What actually happened?
On April 4th, a small portion of Atlassian customers (400 of the 226,000 ish customers) experienced an outage on a number of Atlassian Cloud sites for Jira Software, Jira Work Management, Jira Service Management, Confluence, Opsgenie, Statuspage, and Atlassian Access. While the number of customers affected was low, those customers lost complete access to all of their Atlassian services. And the actual number of affected could be in the 100s of thousands of actual users. If the enterprise depends on the Atlassian cloud suite for their DevOps, Enterprise Service, or Incident Management, they were at a standstill until the issues were resolved. (The issues were finally resolved on 4/18/22, after 2 weeks, per Atlassian).
This outage that originally started on April 4th took almost 2 weeks now for some customers. The timing couldn’t have been any worse, with their executive team pitching how great their cloud services are and how they are putting an enterprise sales/service model for large enterprise customer customers at their Atlassian Team ’22 conference in Vegas during April 5-7. All this was happening while the Atlassian executives were on stage talking about how they are building a resilient cloud bar none.
Why is it bad?
This outage from Atlassian is pretty bad for a few reasons.
They were putting on a big show in Vegas, where they were talking about their strategy, direction, vision, and mission for their cloud services when their cloud services were down. I was attending the conference in person, and some of my tweets and many others’ tweets were met with hostile customer replies with angry comments. Bad publicity.
Atlassian as a company has a primary solution set that is mainly focused on helping customers prepare for such unplanned outages. Agile development, DevOps cycle, issue/bug tracking, incident management, ITSM, incident response, Statuspage, etc.
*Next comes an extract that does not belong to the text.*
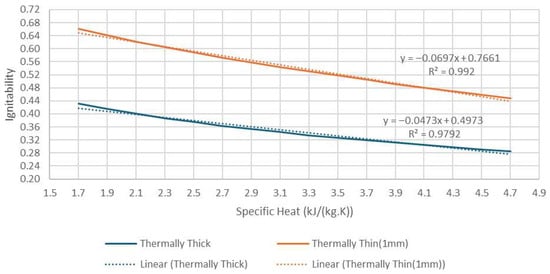 For PMMA, density and thermal conductivity are relatively constant, but temperature-dependent specific heat ranges from 1 to 10 kJ/(kg·K) [28], causing an order-of-magnitude variation in thermal inertia. Figure 6 shows that ignitability varies almost linearly with specific heat. Notably, thermally thin materials are more sensitive to changes in specific heat than thermally thick materials.

The issue is self-inflicted. The damage was not due to misconfiguration, hacking, or affected by other provider-dependent services. As Atlassian CTO stated, two critical errors were committed. First, instead of deactivating a specific app, the entire cloud site for certain customers with all apps was deactivated due to a communication gap. Second, the scripts deleted the entire apps “permanently” vs “temporarily recoverable” for compliance reasons. The combination of these two errors led to the colossal mishap.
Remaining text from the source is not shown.